Doctor Hunter then wondered what problems would occur in at such a house in Plymouth during an outbreak of cholera, where if the house was ordered to be shut up the authorities would have to find alternative accommodation for 98 people compared, in Yorkshire or Lancashire, with only four people.

A Mrs Marshall, who was a general or marine store dealer and rag sorter in Higher Street, Plymouth, paid 17 shillings a week, inclusive of rates, for her house.  She let 18 rooms to 10 families at 1s 9d a tenant.  Three of the families had eight members each but they did have two rooms each.

Just along the road from Mrs Marshall was another house in which 19 rooms were being let to 13 families for a rent of 1s 6d per week.  Many of the heads of these families were at sea.

Yet another house of 13 rooms held 9 families of 31 people also at a rent of 1s 6d per week.  At another house there were 15 adults and 26 children in twelve rooms.

At number 16 Moon Street, Plymouth, there were eight families comprising 14 adults and 4 children.  However, in one of the rooms a single woman held a day school.

On and around The Parade and in the High Street the tenements usually comprised two rooms.  However, in one there were five adults and five children in a tenement of one bedroom and a kitchen.

Each of the four houses making up Skardon's Court held four tenants, with each family in one room, for which they paid one shilling rent.

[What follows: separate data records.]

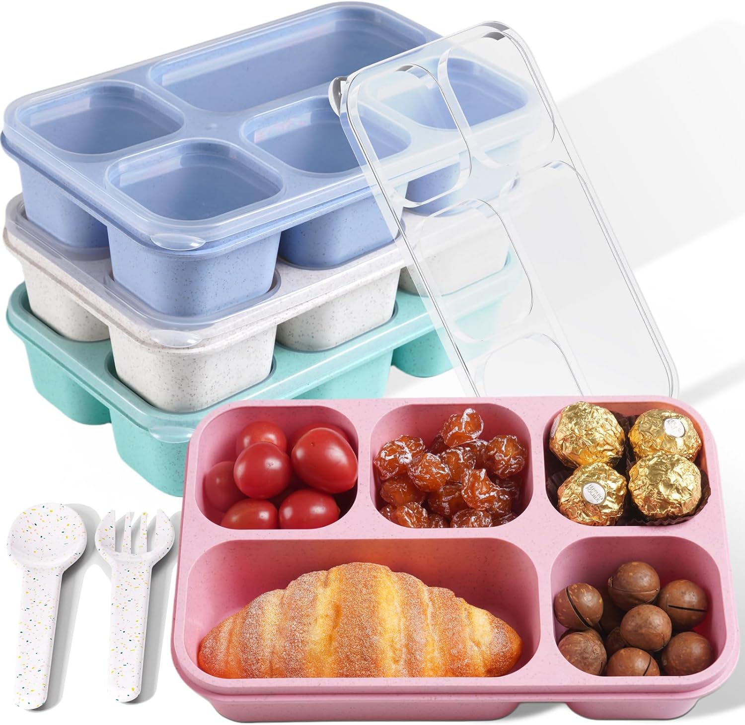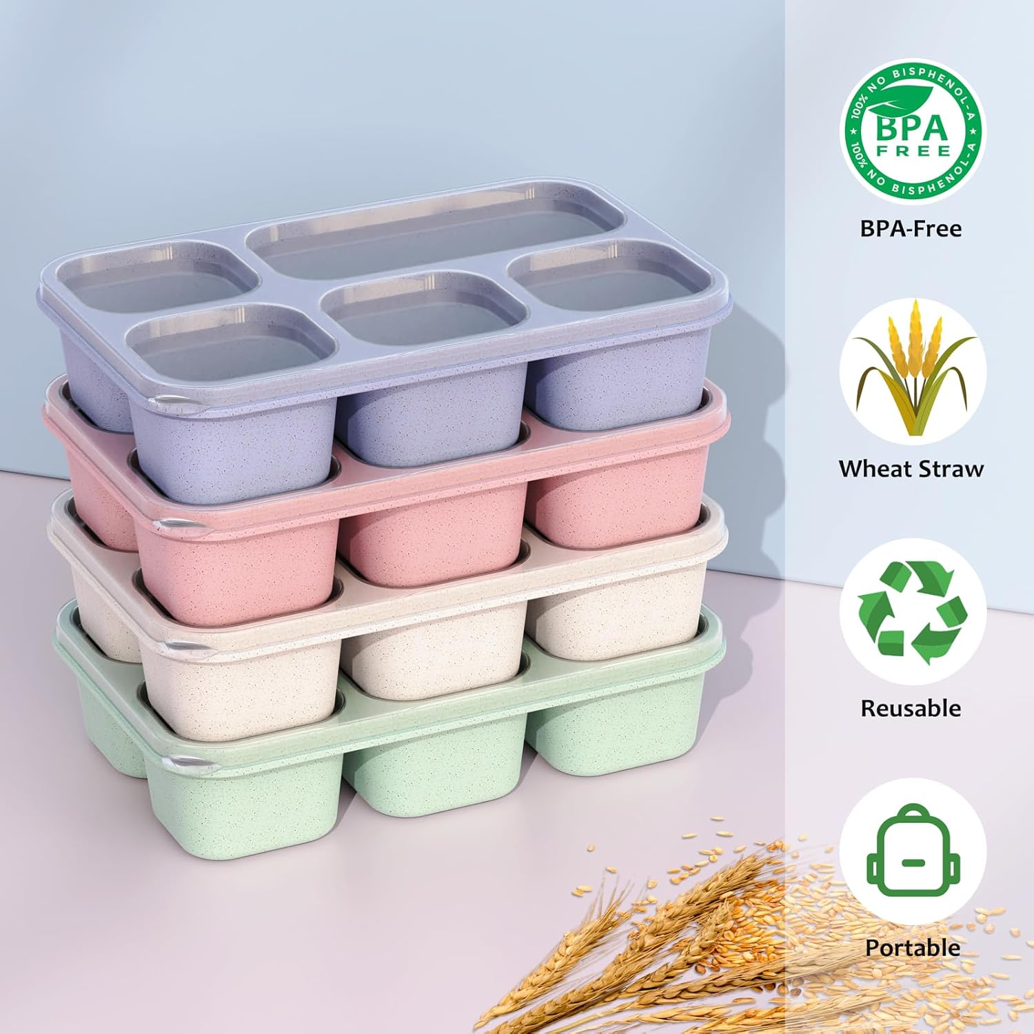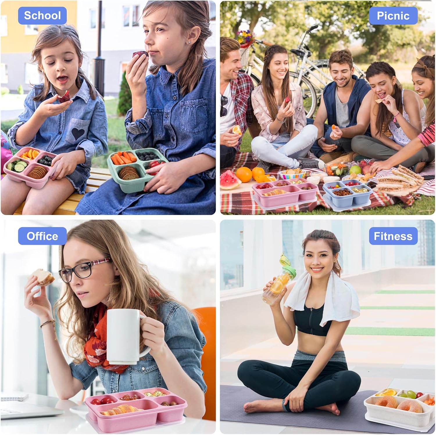 - You will receive a bento box pack of 4, with 4 colors: pink, beige, blue, and green. Sufficient quantity and style of compartment snack containers can meet various daily needs, with 4 perfectly portioned compartments that can balance food distribution without confusion.
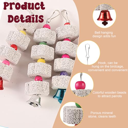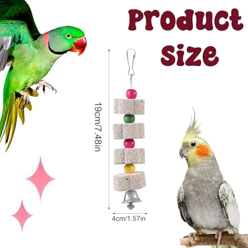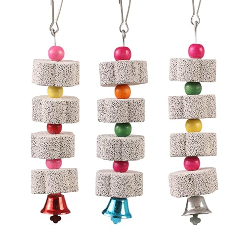 LIUYIDM 3 Stück Große Vogel Kauspielzeug, Vogelschnabel-Schleifstein mit Glocke, Mineralstein-Backenzahn-Spielzeug mit Glocke, Kauspielzeug für Papageien, für Kakadu, Sittich, Wellensittich
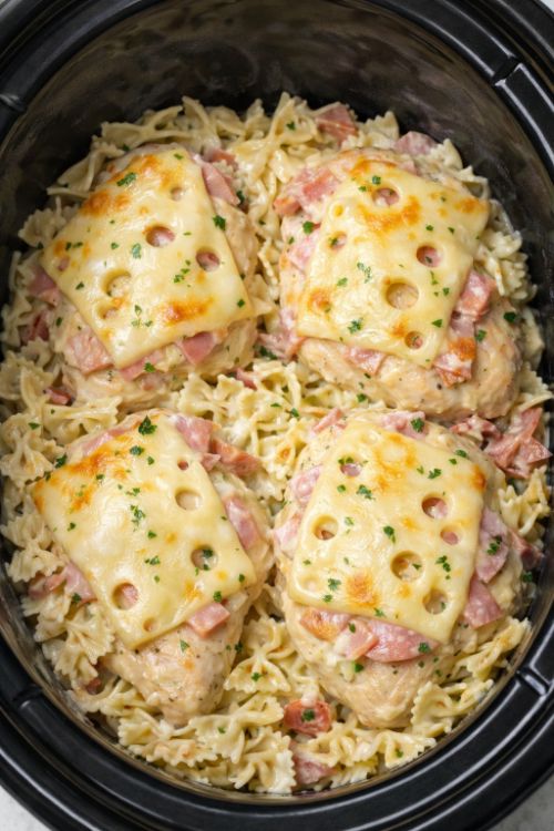 5-Ingredient Slow Cooker Chicken Cordon Bleu Bowtie Pasta
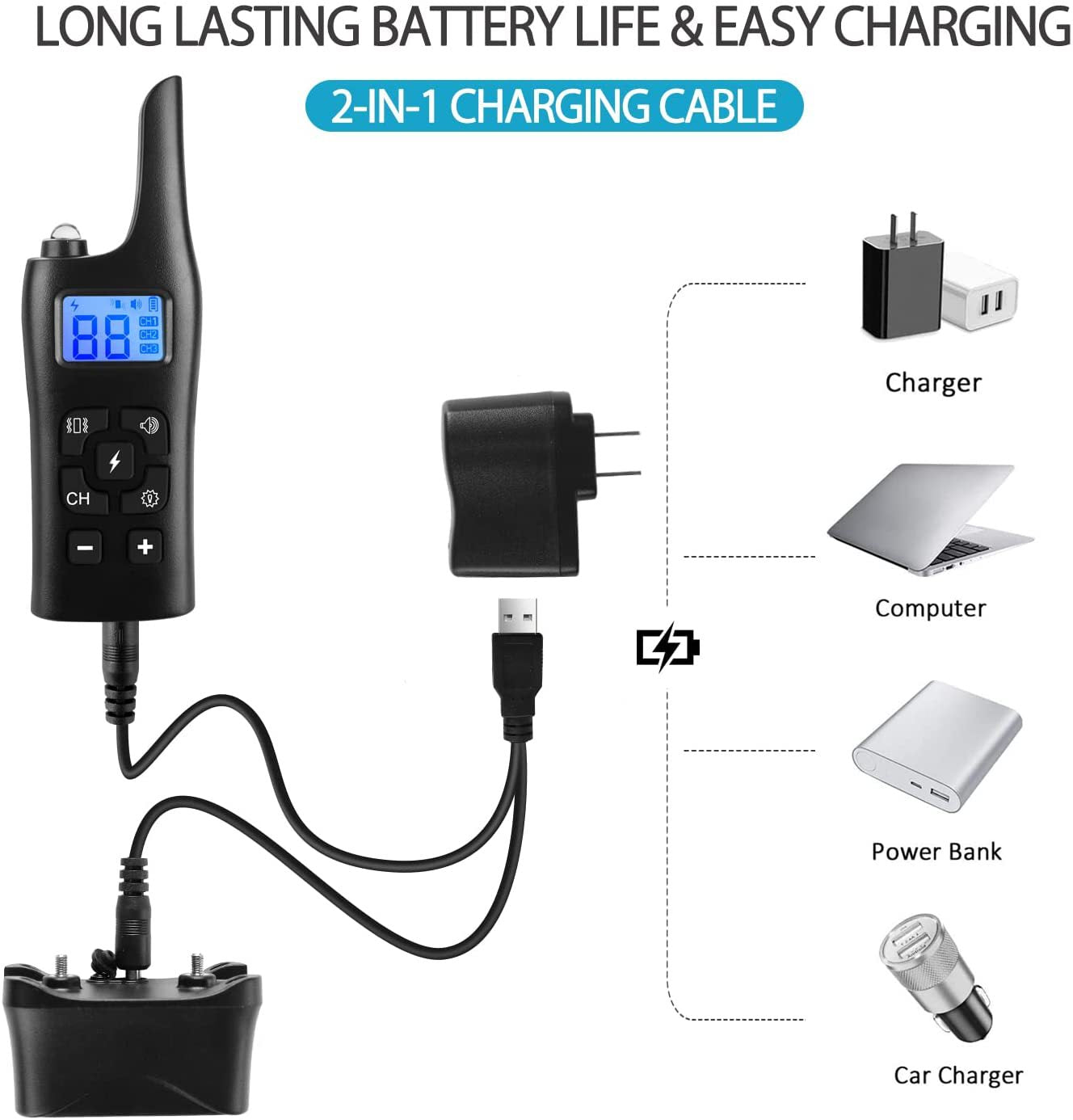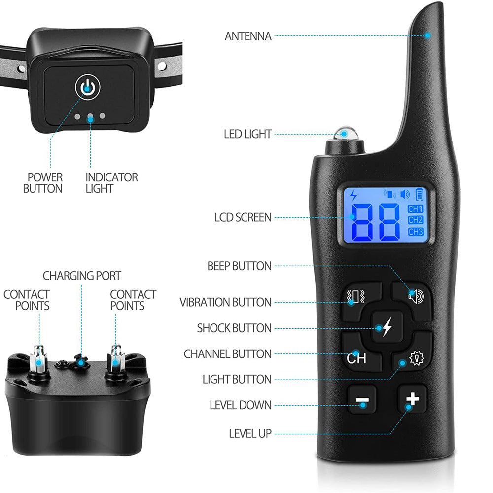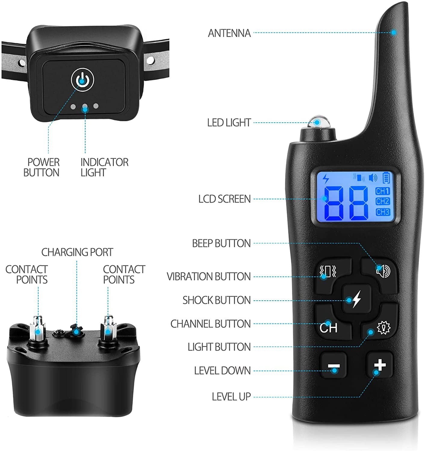 The design of remote control technology is to ensure the remote control range up to 800 meters and let you train your dog in the park or backyard. Waterproof and rechargeable receiver and transmitter, so you can train your dog in rainy days; 14-24" adjustable collar size for neck.
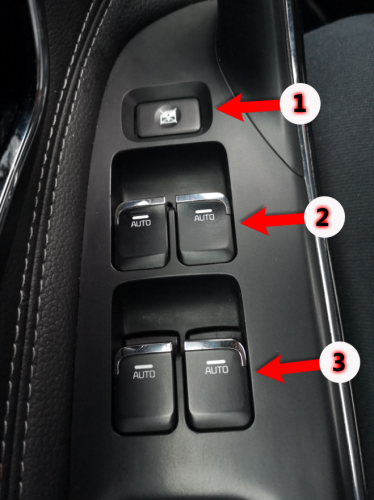 لە ڕێگەی ئەم دوگمانەوە دەتوانیت پەنجەرەی پێشەوە و دواوە بکەیتەوە یان دابخەیت، هەروەها لە هەر پەنجەرەیەکدا یەک دوگمە هەیە لە تەنیشت دەستەی کردنەوەی دەرگاکە بۆ کۆنترۆڵکردنی کردنەوەی یان داخستنی پەنجەرەکە، ئەم وێنەیە بۆ کۆنترۆڵکردنی شۆفێرە وەک… دوگمەکان
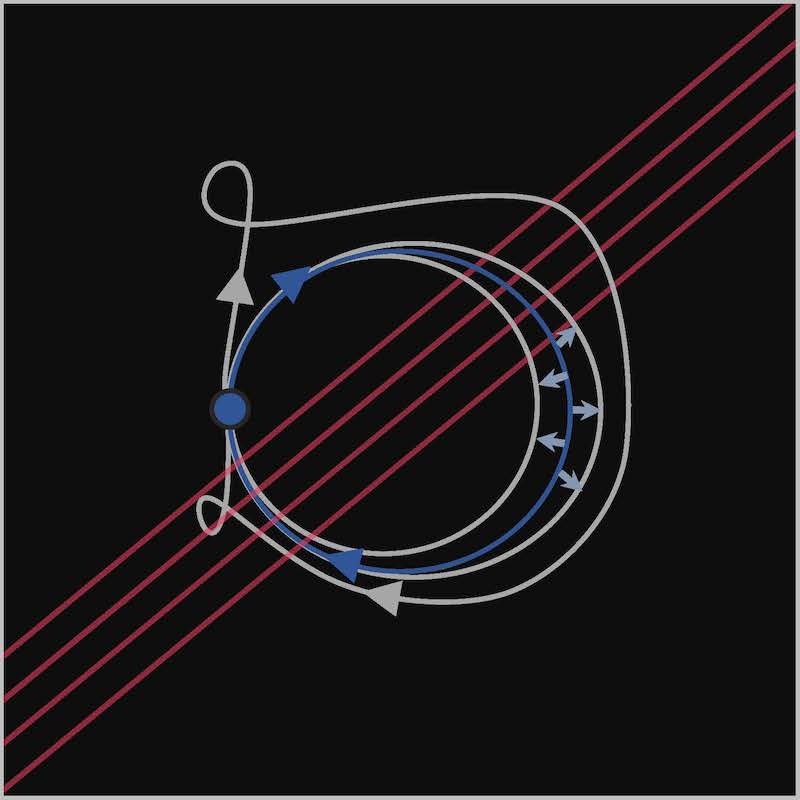 The modes of an optical frequency comb (red lines) are locked together by a variational principle. This principle defines a specific path (blue line) in the vast parameter space of the laser, which is preferred to any other path (grey lines) obtained by small variations of this trajectory. In obeying this variational principle, the laser guarantees to maximize its output power. (Image courtesy of the Capasso Lab/Harvard SEAS)
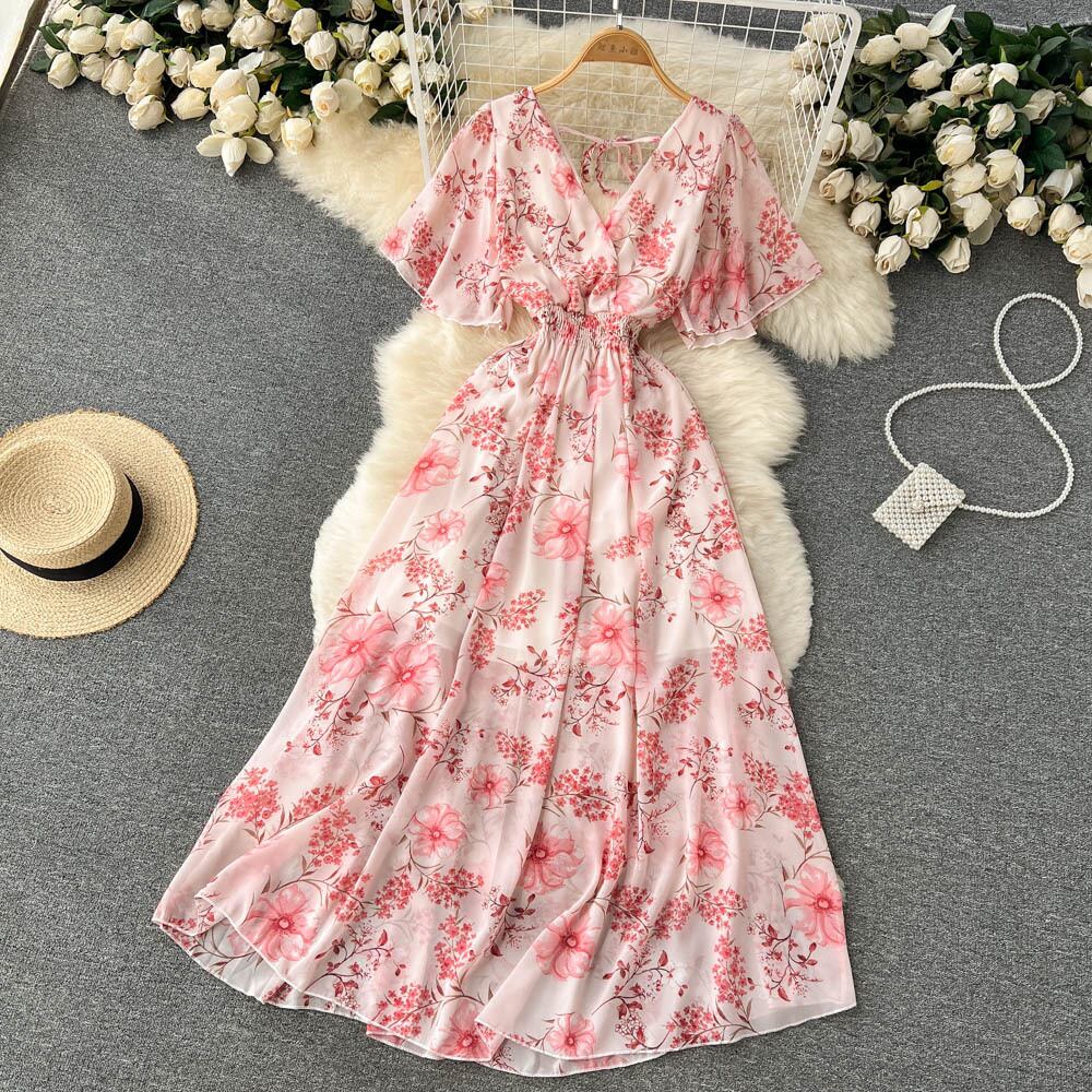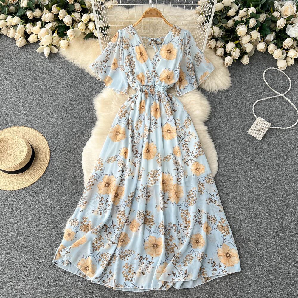 2022 summer new version ins floral niche design retro V-neck dress with waist and big swing long skirt trendy ロング レトロ サマー 夏物 花柄 スカート Vネック lyxaj99578938261

Jay's Court, which was let in single rooms, held Irish families of 8 or 7 in a room.

It was commented that a Londoner would expect to find the modern houses in Arundel Crescent occupied by a family earning £400 to £500 per year.  However, in Plymouth each room in one of the houses was let for £4 or £5 a year to a family.  There were families of 7 or 8 in a drawing-room, a kitchen or a garret, depending on their means.

The work of inspecting the "common lodgings", defined as 'where lodgers were received for a day', was delegated by the Local Board to the Superintendent of Police, who had deputed two officers named Wreford and Julian to carry out the inspections.  The owners of such premises were required to complete a weekly return of the people who had slept there and the police officers made unannounced visits to check all was in order.  However, the Local Board had given them no guidance as to how many cubic feet each occupier should be allowed in each building and thus there were many instances where a room was licensed for more beds than it could reasonably hold.  Such accommodation was universally 3d per night.

One lodging establishment, named or owned by Rossi, of 21 beds, complained of the difficulty of removing the sick.  Another, named Hamilton, with 10 beds, had insufficient accommodation.  So did one named Rowley, who sold marine stores as well.

At Painter's one of the rooms had a roof that had not been underdrawn and was unfit for occupation on the day it was visited.

A room of 1,250 cubic feet at Kelly's was allocated to 8 people.

Plymouth in 1861 apparently had 6,084 inhabited houses and a population of 62,599.  This meant there were 16.2 people per house.

In all three cases, of Plymouth, East Stonehouse and Devonport, the rents were taken either by a collector in the case of non-resident owners or by the owner themselves; or it is taken by one of the occupiers of one of the rooms, who farms the whole house.  'The rent seemed a precarious income, and ownership seemed often under dispute' Doctor Hunter concluded.